“When we look at Auschwitz we see the end of the process. It’s important to remember that the Holocaust actually did not start from gas chambers. This hatred gradually developed from words, stereotypes & prejudice through legal exclusion, dehumanisation & escalating violence.”
Memorial and Museum Auschwitz-Birkenau
Song: Do Better by Nappy Roots
Article: Confronting and Fighting Horror: On David Livingstone Smith’s “On Inhumanity: Dehumanization and How to Resist It” by Linda Roland Danil
Inspiration for evil by David Livingstone Smith
Thought: This post is in honor of International Holocaust Remembrance Day (Jan 27), the memory of more than six million Jews systematically murdered and for my Jewish friends who still suffer discrimination today. Your faith is beautiful.
There’s been a lot in the news and social media about what makes children (and frankly their parents) uncomfortable these days. We are seeing curriculum and books be banned from schools – topics like gender identity, slavery, racism, the Holocaust, sexual health, sexism, and consent. The word that is commonly used is uncomfortable. It’s supposed to be fucking uncomfortable.

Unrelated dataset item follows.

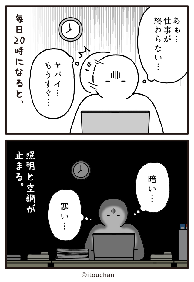 #マイナビニュース さまの「職場の謎ルール」という企画にて2コマ漫画を描かせていただきました✌️ news.mynavi.jp/series/nazorul… 第11回目は「ヤバい、もうすぐ…」20時すぎまで残業すると、絶望したくなる理由😲 #いとうちゃん #厭うちゃん #2コマ漫画 #職場の謎ルール #漫画が読めるハッシュタグ #節電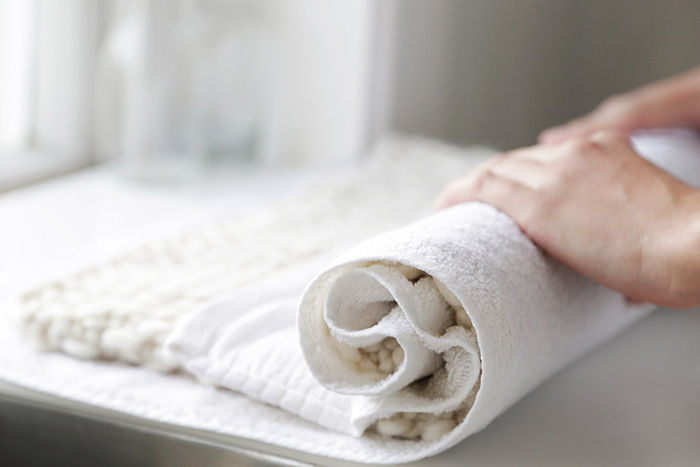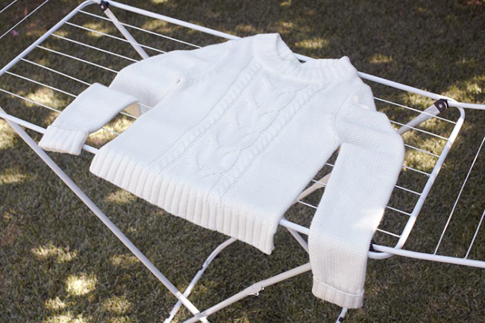 เมื่อขั้นตอนการซักผ่านไป ในขั้นตอนการตากก็ต้องใช้ความระมัดระวังไม่แพ้กันค่ะ เพราะก่อนตากไหมพรมนั้นห้ามสะบัดหรือบิดแรง ๆ เด็ดขาด! วิธีที่ถูกต้องและปลอดภัยสำหรับเนื้อไหมพรมก็คือการค่อย ๆ กดหรือบีบเพื่อไล่น้ำออก ตามด้วยการใช้ผ้าขนหนูมาซับอีกรอบโดยวางทับและม้วนเข้าด้วยกัน หรือจะใช้การวางผ้าประกบกันทั้งด้านบนและล่างเพื่อซับน้ำออกให้ได้มากที่สุด เพื่อให้เนื้อผ้าไม่อุ้มน้ำจนย้วยและแห้งได้เร็วขึ้นเมื่อนำไปตากค่ะ

Trevor Noah said this week (paraphrased) that if we don’t teach how we got to the Holocaust, then it becomes a group of people who just got free pajamas and went to camp. Likewise, if we don’t teach about the horrors of slavery, then it becomes laborers working in fields for food, lodging and economics (saying nothing of the color of their skin). If we don’t teach about systemic racism, then it’s easy to say “all lives matter” while watching black children be murdered. If we don’t teach about the torture of Matthew Shepard, then it becomes just a bunch of guys messing around that got out of hand. If we don’t teach why half our population doesn’t have equitable access to health care, then we make laws that result in women suffering and dying. If we don’t teach about consent with horrific examples, then we silence the victim and the abuser goes on committing harm.
The problem with turning away from being uncomfortable means that the history you shy from becomes the new future you create. Do better and be uncomfortable.